§ **Problem statement**
Once you find the line with "The PVCK Womens Compression" in the listing below, set down exactly every line from it through the line with "Includes: Vitamin C", but no pictures.

§ **Supplied data**
_____

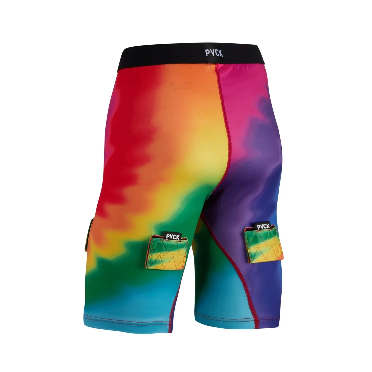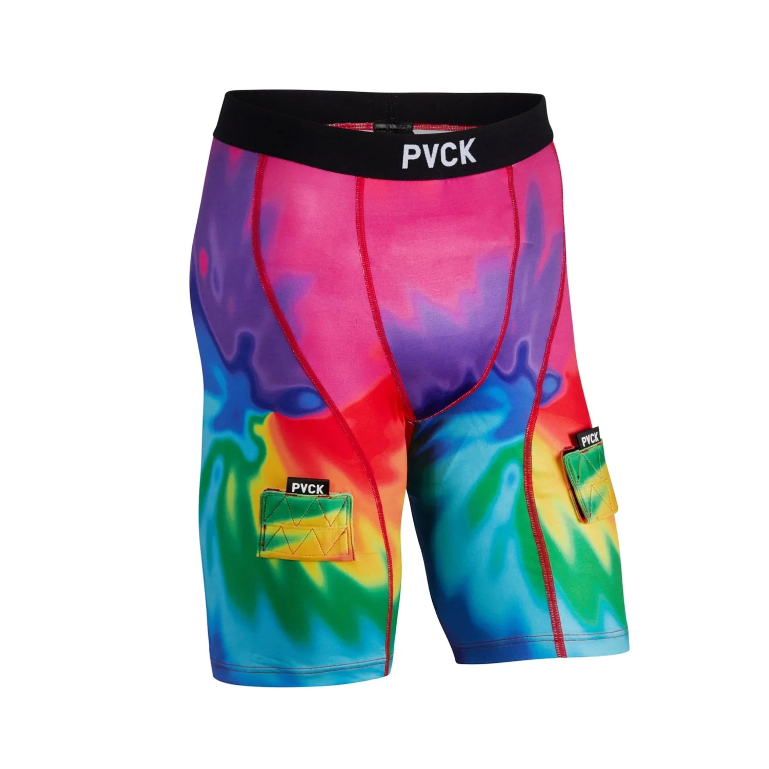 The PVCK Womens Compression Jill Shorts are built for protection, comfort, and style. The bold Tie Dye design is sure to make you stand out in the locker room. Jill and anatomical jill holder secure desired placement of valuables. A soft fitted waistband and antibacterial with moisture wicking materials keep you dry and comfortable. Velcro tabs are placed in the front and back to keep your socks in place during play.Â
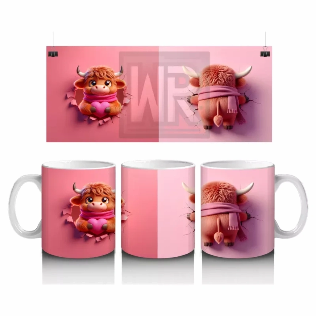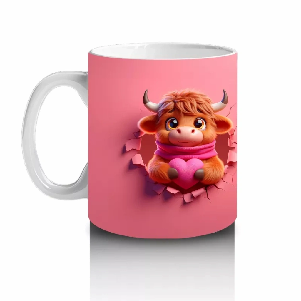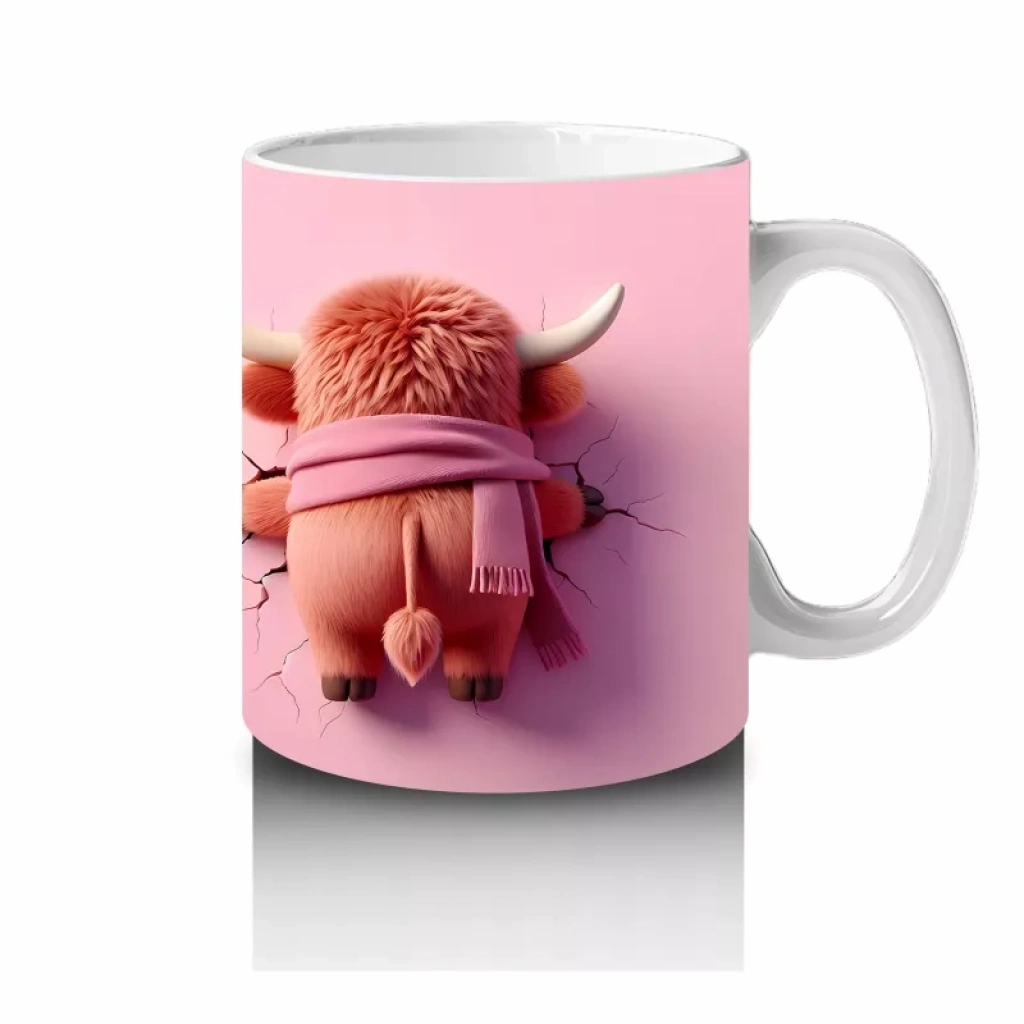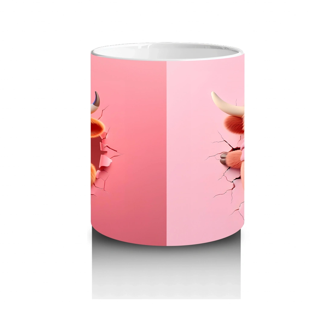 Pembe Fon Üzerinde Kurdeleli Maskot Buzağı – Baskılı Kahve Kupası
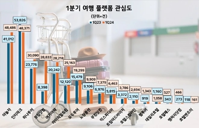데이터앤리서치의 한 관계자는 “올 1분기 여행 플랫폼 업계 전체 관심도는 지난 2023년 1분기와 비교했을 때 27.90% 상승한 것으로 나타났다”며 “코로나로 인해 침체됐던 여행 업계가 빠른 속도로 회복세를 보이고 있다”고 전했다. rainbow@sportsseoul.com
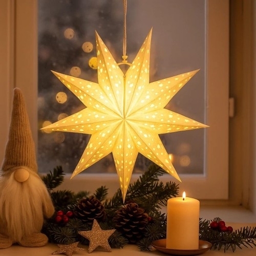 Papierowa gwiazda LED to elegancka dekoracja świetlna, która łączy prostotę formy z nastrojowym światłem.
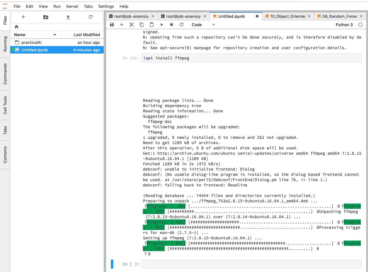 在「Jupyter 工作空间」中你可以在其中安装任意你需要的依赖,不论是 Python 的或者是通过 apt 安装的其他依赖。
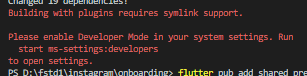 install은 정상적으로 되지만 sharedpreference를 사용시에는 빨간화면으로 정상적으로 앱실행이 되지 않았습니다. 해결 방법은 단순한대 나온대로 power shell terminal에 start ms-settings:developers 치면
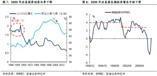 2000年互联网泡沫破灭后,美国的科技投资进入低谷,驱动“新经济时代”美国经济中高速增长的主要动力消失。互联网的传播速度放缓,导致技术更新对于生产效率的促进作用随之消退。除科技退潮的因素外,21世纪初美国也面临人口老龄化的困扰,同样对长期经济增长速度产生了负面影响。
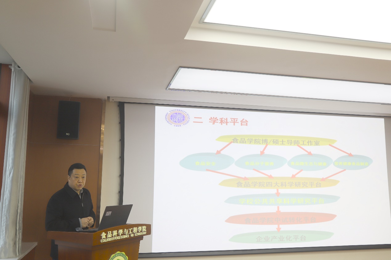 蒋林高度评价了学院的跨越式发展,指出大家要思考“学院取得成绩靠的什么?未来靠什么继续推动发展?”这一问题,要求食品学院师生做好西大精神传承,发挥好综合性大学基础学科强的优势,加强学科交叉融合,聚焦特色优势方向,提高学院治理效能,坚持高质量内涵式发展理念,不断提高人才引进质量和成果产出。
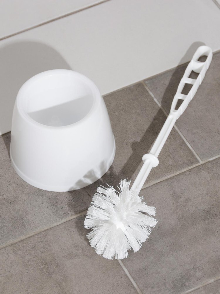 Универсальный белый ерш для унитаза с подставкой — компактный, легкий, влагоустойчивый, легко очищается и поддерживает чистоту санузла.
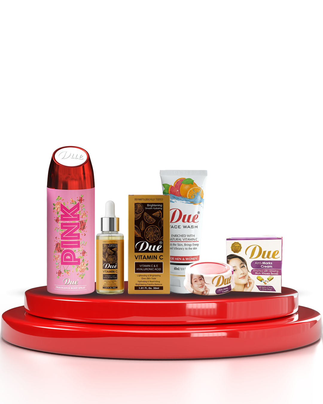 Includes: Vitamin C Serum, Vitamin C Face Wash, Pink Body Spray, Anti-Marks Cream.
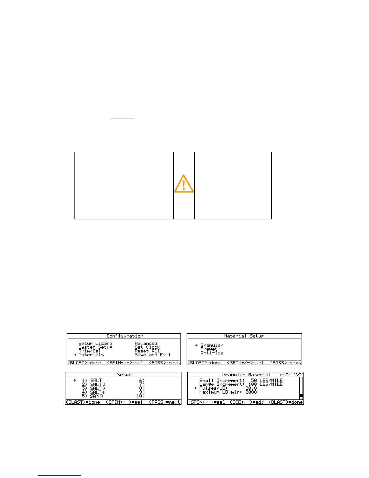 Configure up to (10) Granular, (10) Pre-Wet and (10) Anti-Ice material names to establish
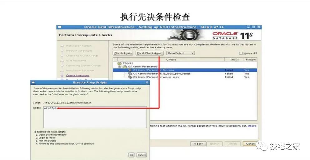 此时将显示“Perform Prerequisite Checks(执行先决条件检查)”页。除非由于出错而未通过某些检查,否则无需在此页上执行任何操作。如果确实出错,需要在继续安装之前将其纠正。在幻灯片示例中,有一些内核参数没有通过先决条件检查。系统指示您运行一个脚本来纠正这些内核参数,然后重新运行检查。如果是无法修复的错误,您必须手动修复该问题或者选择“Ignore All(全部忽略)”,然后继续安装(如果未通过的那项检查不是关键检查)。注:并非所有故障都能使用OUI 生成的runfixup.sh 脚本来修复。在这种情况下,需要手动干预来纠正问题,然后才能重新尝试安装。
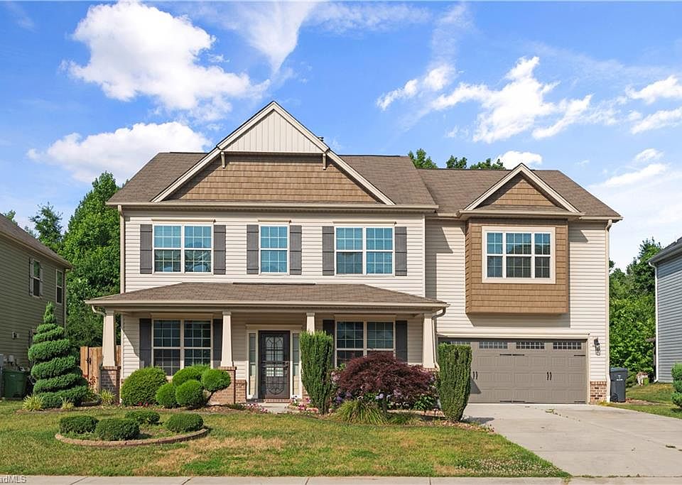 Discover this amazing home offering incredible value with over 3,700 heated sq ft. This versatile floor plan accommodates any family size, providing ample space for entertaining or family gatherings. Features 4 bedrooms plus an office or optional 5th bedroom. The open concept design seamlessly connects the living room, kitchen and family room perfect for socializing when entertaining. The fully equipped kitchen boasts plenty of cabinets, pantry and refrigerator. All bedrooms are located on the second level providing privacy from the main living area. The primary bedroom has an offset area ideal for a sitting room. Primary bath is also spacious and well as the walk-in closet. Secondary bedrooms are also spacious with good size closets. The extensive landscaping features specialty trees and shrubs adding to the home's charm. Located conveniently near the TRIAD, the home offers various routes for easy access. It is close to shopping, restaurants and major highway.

_____

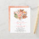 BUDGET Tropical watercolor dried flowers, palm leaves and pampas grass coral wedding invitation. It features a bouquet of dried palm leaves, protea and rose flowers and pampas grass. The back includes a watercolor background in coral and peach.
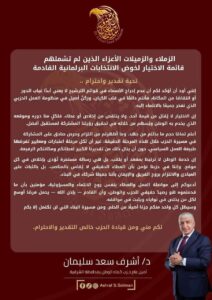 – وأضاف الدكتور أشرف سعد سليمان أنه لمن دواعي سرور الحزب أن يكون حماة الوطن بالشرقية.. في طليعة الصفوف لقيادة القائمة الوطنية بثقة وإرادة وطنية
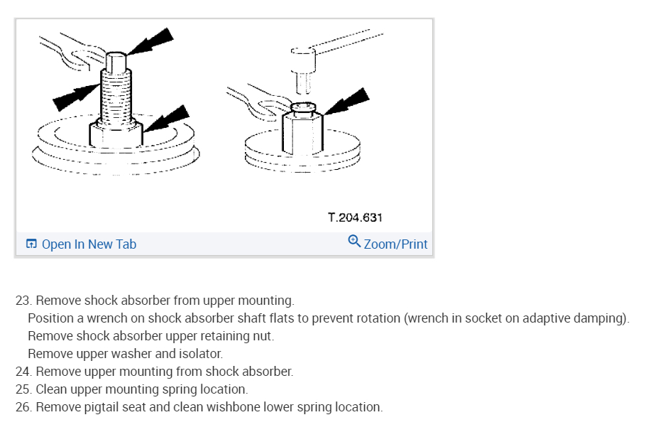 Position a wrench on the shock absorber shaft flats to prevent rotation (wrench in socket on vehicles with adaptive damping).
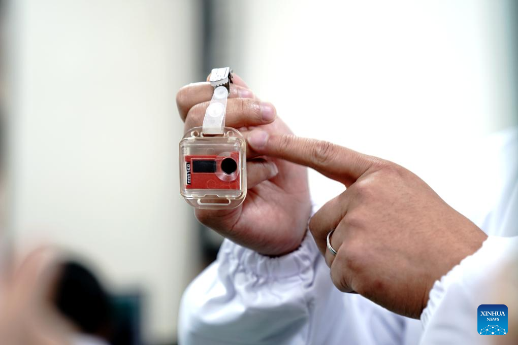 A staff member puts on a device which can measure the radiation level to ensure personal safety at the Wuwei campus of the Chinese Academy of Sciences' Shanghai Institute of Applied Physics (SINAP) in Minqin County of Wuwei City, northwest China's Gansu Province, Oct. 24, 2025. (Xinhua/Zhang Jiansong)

_____

§ **Expected answer**
 The PVCK Womens Compression Jill Shorts are built for protection, comfort, and style. The bold Tie Dye design is sure to make you stand out in the locker room. Jill and anatomical jill holder secure desired placement of valuables. A soft fitted waistband and antibacterial with moisture wicking materials keep you dry and comfortable. Velcro tabs are placed in the front and back to keep your socks in place during play.Â
 Pembe Fon Üzerinde Kurdeleli Maskot Buzağı – Baskılı Kahve Kupası
데이터앤리서치의 한 관계자는 “올 1분기 여행 플랫폼 업계 전체 관심도는 지난 2023년 1분기와 비교했을 때 27.90% 상승한 것으로 나타났다”며 “코로나로 인해 침체됐던 여행 업계가 빠른 속도로 회복세를 보이고 있다”고 전했다. rainbow@sportsseoul.com
 Papierowa gwiazda LED to elegancka dekoracja świetlna, która łączy prostotę formy z nastrojowym światłem.
 在「Jupyter 工作空间」中你可以在其中安装任意你需要的依赖,不论是 Python 的或者是通过 apt 安装的其他依赖。
 install은 정상적으로 되지만 sharedpreference를 사용시에는 빨간화면으로 정상적으로 앱실행이 되지 않았습니다. 해결 방법은 단순한대 나온대로 power shell terminal에 start ms-settings:developers 치면
 2000年互联网泡沫破灭后,美国的科技投资进入低谷,驱动“新经济时代”美国经济中高速增长的主要动力消失。互联网的传播速度放缓,导致技术更新对于生产效率的促进作用随之消退。除科技退潮的因素外,21世纪初美国也面临人口老龄化的困扰,同样对长期经济增长速度产生了负面影响。
 蒋林高度评价了学院的跨越式发展,指出大家要思考“学院取得成绩靠的什么?未来靠什么继续推动发展?”这一问题,要求食品学院师生做好西大精神传承,发挥好综合性大学基础学科强的优势,加强学科交叉融合,聚焦特色优势方向,提高学院治理效能,坚持高质量内涵式发展理念,不断提高人才引进质量和成果产出。
 Универсальный белый ерш для унитаза с подставкой — компактный, легкий, влагоустойчивый, легко очищается и поддерживает чистоту санузла.
 Includes: Vitamin C Serum, Vitamin C Face Wash, Pink Body Spray, Anti-Marks Cream.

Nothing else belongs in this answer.